**Dataset records:**
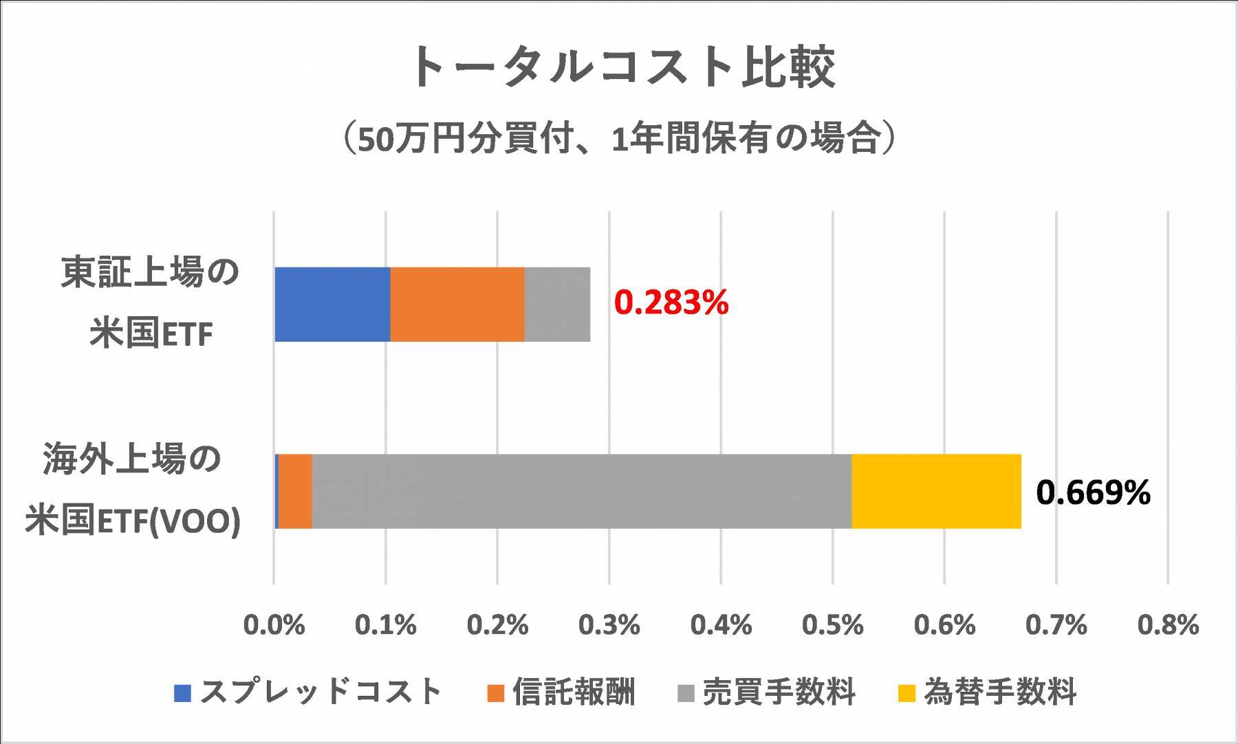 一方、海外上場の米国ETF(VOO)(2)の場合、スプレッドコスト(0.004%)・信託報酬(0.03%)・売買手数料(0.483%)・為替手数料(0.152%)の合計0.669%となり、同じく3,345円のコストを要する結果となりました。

* * *

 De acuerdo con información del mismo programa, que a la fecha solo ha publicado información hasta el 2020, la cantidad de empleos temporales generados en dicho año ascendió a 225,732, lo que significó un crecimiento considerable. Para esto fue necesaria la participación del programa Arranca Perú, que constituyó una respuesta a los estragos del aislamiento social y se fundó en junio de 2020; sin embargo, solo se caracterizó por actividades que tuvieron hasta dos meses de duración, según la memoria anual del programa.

---

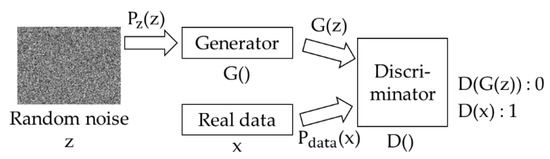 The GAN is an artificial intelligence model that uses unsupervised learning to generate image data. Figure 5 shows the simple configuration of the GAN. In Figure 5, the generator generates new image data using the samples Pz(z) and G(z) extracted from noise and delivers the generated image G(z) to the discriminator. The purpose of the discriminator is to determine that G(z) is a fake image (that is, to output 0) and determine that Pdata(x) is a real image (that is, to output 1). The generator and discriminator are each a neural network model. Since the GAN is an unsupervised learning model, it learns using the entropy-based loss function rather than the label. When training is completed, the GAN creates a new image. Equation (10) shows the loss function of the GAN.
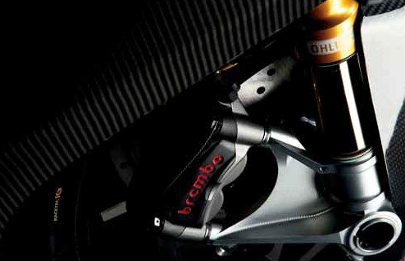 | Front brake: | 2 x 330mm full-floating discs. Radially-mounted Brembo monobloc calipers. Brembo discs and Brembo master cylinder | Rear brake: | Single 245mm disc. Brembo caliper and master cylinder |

**What to produce:**
Please set down, exactly and with no pictures, the lines in the entries above starting at the one holding "The GAN is an artificial" and ending at the one holding "and master cylinder |", ends included.

**Answer:**
 The GAN is an artificial intelligence model that uses unsupervised learning to generate image data. Figure 5 shows the simple configuration of the GAN. In Figure 5, the generator generates new image data using the samples Pz(z) and G(z) extracted from noise and delivers the generated image G(z) to the discriminator. The purpose of the discriminator is to determine that G(z) is a fake image (that is, to output 0) and determine that Pdata(x) is a real image (that is, to output 1). The generator and discriminator are each a neural network model. Since the GAN is an unsupervised learning model, it learns using the entropy-based loss function rather than the label. When training is completed, the GAN creates a new image. Equation (10) shows the loss function of the GAN.
 | Front brake: | 2 x 330mm full-floating discs. Radially-mounted Brembo monobloc calipers. Brembo discs and Brembo master cylinder | Rear brake: | Single 245mm disc. Brembo caliper and master cylinder |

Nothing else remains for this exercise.